Comments (13)
Ah, in the code you're actually doing that.
from spark-excel.
Can you provide more detail what is happening? Do you get the corresponding column as a String or is an exception thrown or something completely different?
You might run into this line because of a not handled Excel data type: https://github.com/crealytics/spark-excel/blob/master/src/main/scala/com/crealytics/spark/excel/ExcelRelation.scala#L67
The conversion of Date
should actually be handled here: https://github.com/crealytics/spark-excel/blob/master/src/main/scala/com/crealytics/spark/excel/ExcelRelation.scala#L110
from spark-excel.
while reading a date field from excel we normally get a numeric value from POI API. So for fetching the same we need to use
if ((HSSFDateUtil.isCellDateFormatted(cell)))
and then format the cell using date formatter.
SO when i am using Your API i am getting the date field as Numeric as expeccted.

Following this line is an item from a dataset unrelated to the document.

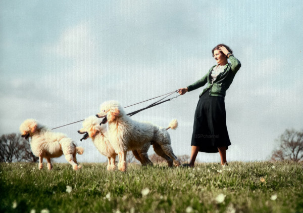 Дрессировка пуделей в питомнике миссис Бойдс Пайперкрофт в Натерсте, Сассекс. Англия, 1934 год.
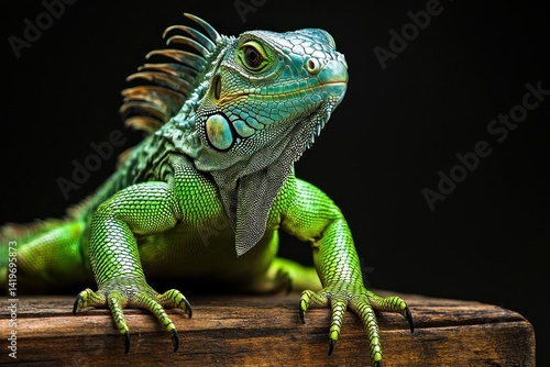 © Musa, Fototapeta premium A large green iguana showing its body in close up detail

So now when i tried looking into the code i found that if i pass an schema object then i would be able to get the field as date.
Schema:
StructType schema = DataTypes.createStructType(new StructField[] {DataTypes.createStructField("Created", DataTypes.DateType, true) });
But in your API i am not able to pass schema as shown in the example posted in readme.md on github.
So please provide an option to read date field.
from spark-excel.
Hi @raviuiit,
could you locally build #13 and see if that works for you?
from spark-excel.
I had the same problem, when i read a date cell to spark, What kind of StructType do I use,i get a double value,Is there any way to deal with this?
from spark-excel.
I just released 0.8.5 which should fix this. I had to drop Scala 2.10 support because a dependency does not provide Scala 2.10 builds.
I hope everybody managed to switch to 2.11 already 😉
from spark-excel.
I am trying to do this for a Date field 'Created' in Excel
StructType schema = DataTypes.createStructType(new StructField[] {DataTypes.createStructField("Created", DataTypes.DateType, true) });
Dataset<Row> df = spark.read().format("com.crealytics.spark.excel").option("location", "/home/impadmin/Downloads/TestXLS.xls") .option("sheetName", "Sheet1").option("useHeader", "true").option("treatEmptyValuesAsNulls", "true").option("inferSchema", "true") .option("addColorColumns", "false").schema(schema).load();
Dataset<Row> created = spark.sql("select Created FROM test"); teenagers.printSchema(); System.out.println(created.count()); System.out.println(created.toJSON().toJavaRDD().collect());
Now when i am trying to browse the data in dataframe, the field created is coming empty, though count is coming correct but data is empty.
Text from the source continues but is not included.